Our analysis methodology, which we call ‘central motif enrichment analysis’ (CMEA), is based on the simple observation that the binding sites of the assayed transcription factor in a successful TF ChIP-seq experiment will cluster near the centers of the declared ChIP-seq peaks. In other words, the actual location of direct DNA binding by whatever protein or protein complex was actually pulled down by the antibody to the TF should
tend toward the center of any given ChIP-seq region. This assumption should be true if the ChIP-seq region itself was identified based on sharply defined ‘peaks’ in the mapped sequence tag density, as is the case for many commonly used ‘peak-calling’ algorithms [e.g. MACS (
11), PeakSeq (
12), QuEST (
13)]. When all goes well, the actual ChIP-ed binding site lies somewhere within a region of about 100 bp (
1), centered on the ‘peak’, and with increasing probability closer to the center. In other words, we expect the probability (density) of the true binding location to be maximum in the center of a peak.
We implement our approach in the CentriMo algorithm (Centrality of Motifs), which takes as input a set of equal-sized regions identified in a TF ChIP-seq experiment and one or more TF binding motifs expressed as PWMs.

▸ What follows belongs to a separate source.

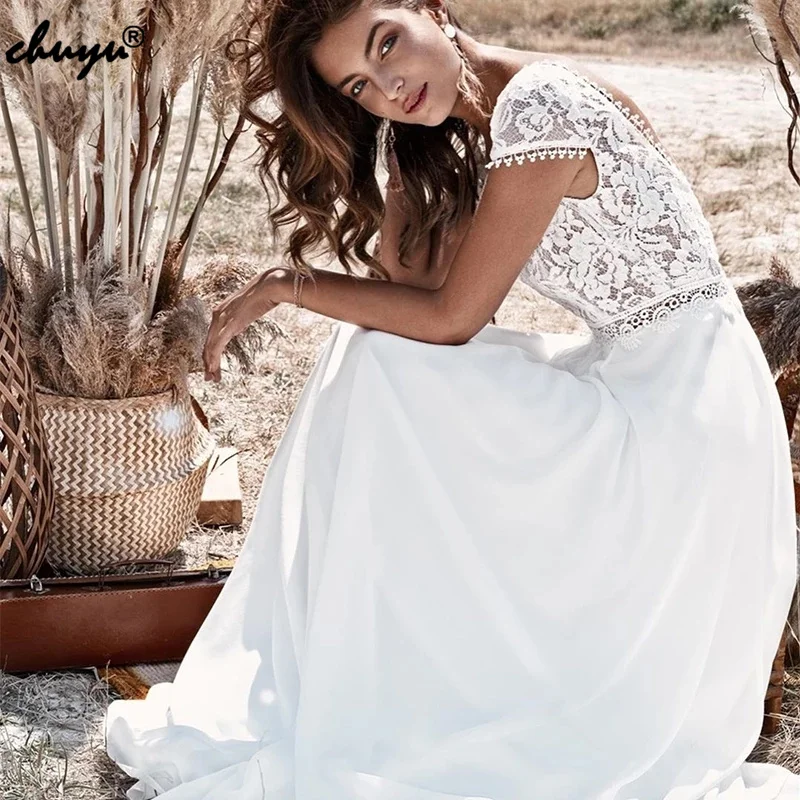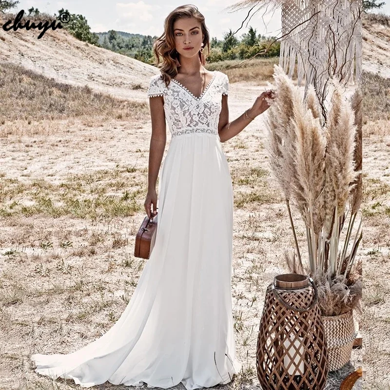 Пикантное Летнее Длинное красивое шифоновое свадебное платье ChuYu в стиле бохо с короткими рукавами и аппликацией, ТРАПЕЦИЕВИДНОЕ ПЛАТЬЕ С Открытой Спиной для особых случаев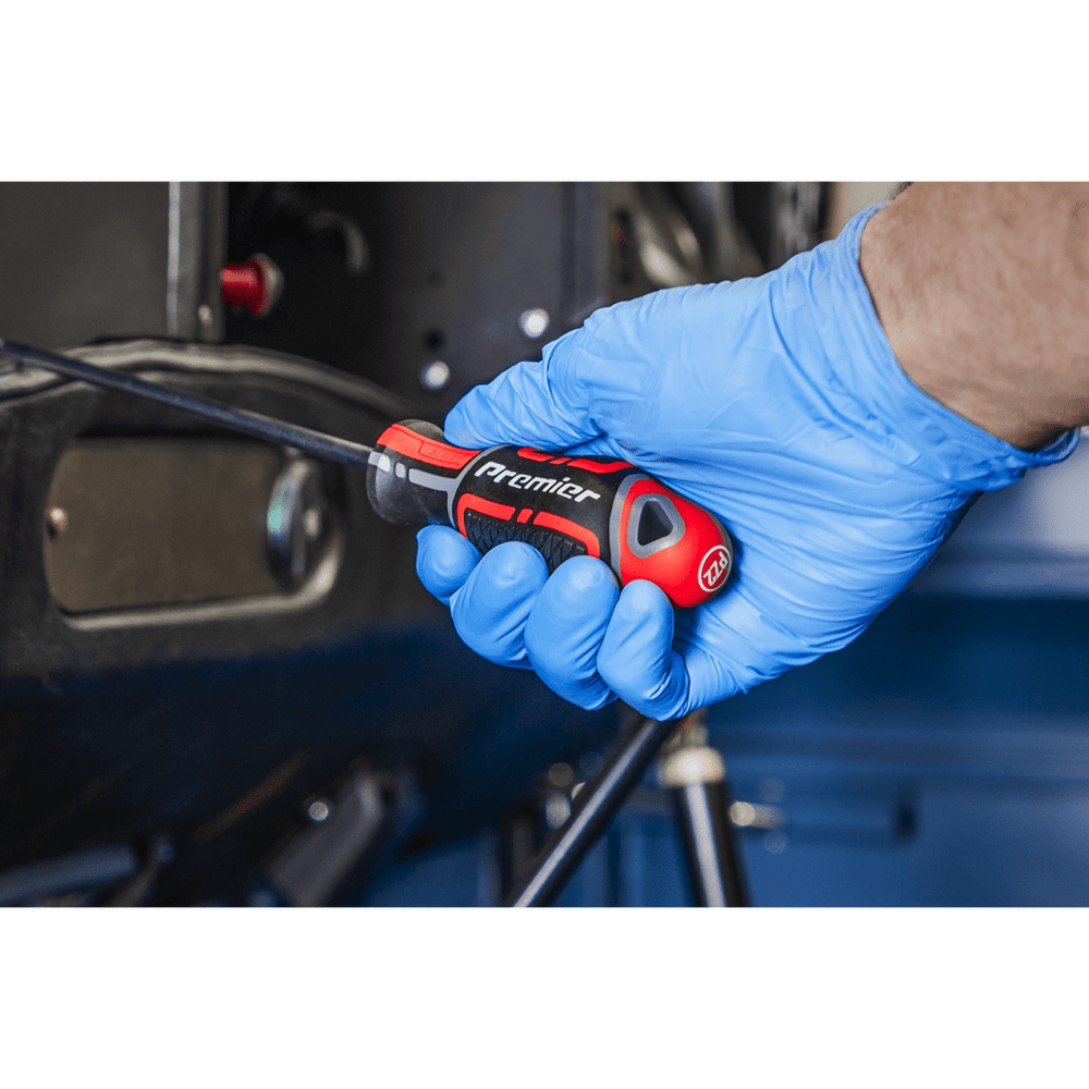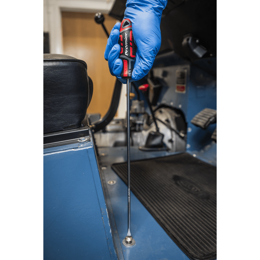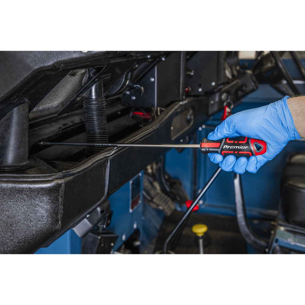 The Sealey Premier GripMAX Extra-Long Screwdriver Set 3pc, available from Trade Counter Direct, is engineered for professional daily use where access is restricted. Each screwdriver features a 300 mm chrome vanadium steel shaft with a satin finish, providing durability and corrosion resistance. Ergonomic soft grip handles ensure maximum power transfer and comfort during extended tasks, making this set an essential addition to any professional toolkit.

Ideally, each of these ChIP-seq regions should be centered on a single coordinate reported as the position of ‘maximum confidence’ within a peak by the peak-calling software. If the program only reports regions (rather than single genomic positions), we use equal-sized genomic regions centered on the precise middle of each of the reported regions. For each motif, CentriMo outputs a plot of the probability that a predicted binding site occurs at each position in a ChIP-seq region (site-probability plot). It also outputs, for each motif, the width of the central region that is most enriched in binding sites according to a statistical test, and a P-value adjusted for multiple tests. We refer to this as the ‘central enrichment P-value’ of the motif. To aid in visualization, CentriMo outputs the site-probability curves for the n motifs that are most highly ‘centrally enriched’, according to their central enrichment P-values. Thus, CentriMo both serves as a visualization tool and provides an objective assessment of the degree to which each of the input motifs predicts centrally enriched binding sites.
As we show in the ‘Results’ section, CMEA is consistently able to determine the direct DNA-binding motif of ChIP-ed transcription factors, even in cases where motif discovery and motif enrichment algorithms fail or give ambiguous results. We illustrate how to apply CentriMo to analyze ChIP-seq data sets using motifs from motif discovery algorithms, motifs from motif databases and even hand-tailored motifs. In the process, we point out the characteristics of site-probability curves that distinguish between direct-binding motifs and the motifs of co-factors that merely bind near the ChIP-ed transcription factor with high frequency.